Episode 11

An Unexpected Inquisition


The Inquisitor passed through the city streets, staring at the colonists around him. Some looked at him with curiosity, while others bumped into him without second thought. The air smelled of Chaos, but that could be the person in front of him who just farted. If Chaos was present it was well hidden in the thick urban environment that covered most of the planet. Not even the best of his colleagues could find a trace of a daemon or any other force of Chaos. Yet even if Chaos was not on this planet, heresy was abound.

His belief that only the planetary governor was involved in the revolt he soon realized was mistaken. On other planets, the populace followed the word of their leaders. Here there seemed to be absolute disregard for authority. In the streets citizens spoke their doubt not only in their government but also in the unknown god, the Emperor of Mankind.

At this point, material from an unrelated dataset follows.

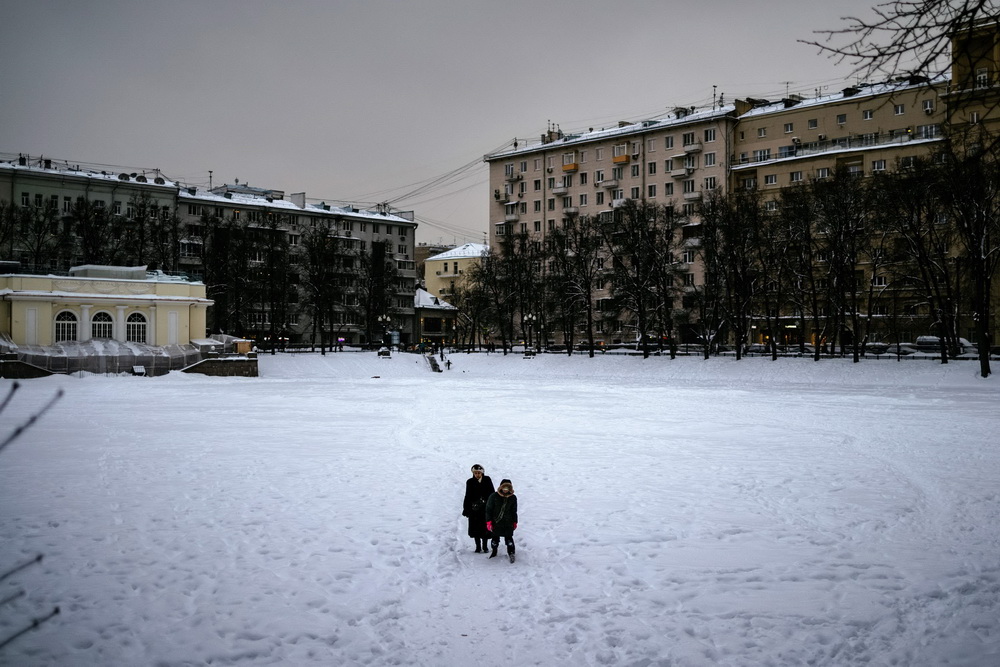 2月17日,人們走在俄羅斯莫斯科一處被積雪覆蓋的結冰池塘。新華社/法新

Others openly mocked his divine forces, making fun of the extremely religious tone of the mythical Imperium. The Inquisitor felt the urge to purge all of these colonists, to make an example out of some of them, but such a plan was futile as even the citizens were well armed and aware of their surroundings. However, no one feared him as an authoritative figure who dispensed the Emperor's Will and way to rowdy populaces. They saw the Inquisitor to be nothing but a confused man lost on his way to a costume party.

This planet could defend itself from the forces looming above, and a victory for them could encourage further heresy if anyone outside of the system found it. There was no use silencing the heretics now, yet the more he waited for reinforcements the greater it would grow. All this made him feel a level of discomfort he never though could exist.

Figuring that it would be best to wait in the air above and not provoke the populace any further, he lead his party back to the hangar bays only to find an armed force surrounding their craft. The Inquisitor bit his lip, ground his teeth, and approached the lead guard.

"Disperse your men, these craft belong to the Inquisition."

"Not until you pay the fine," said the guard, holding out an pink slip. "Unregistered weapons, unannounced cargo, landing without permission, no contact with the air tower, and a fuck-ton of other transportation violations."

"I said, disperse your men! These craft are of the Holy Inquisition!"

The lead guard grinned. "No. The Knights of Ladies Underwear have as much claim to these craft as you do." He waved the slip in the air. "I don't give twelve shits about this so called 'Inquisition'. Unless they can write us a check within the next thirty days these ships are grounded and will be impounded by the lawful authority of the Lord Regent of the Fifth City."

"IN THE NAME OF THE EMPEROR REMOVE THYSELF FROM THE PREMISES AND CEASE YOUR RESISTANCE!"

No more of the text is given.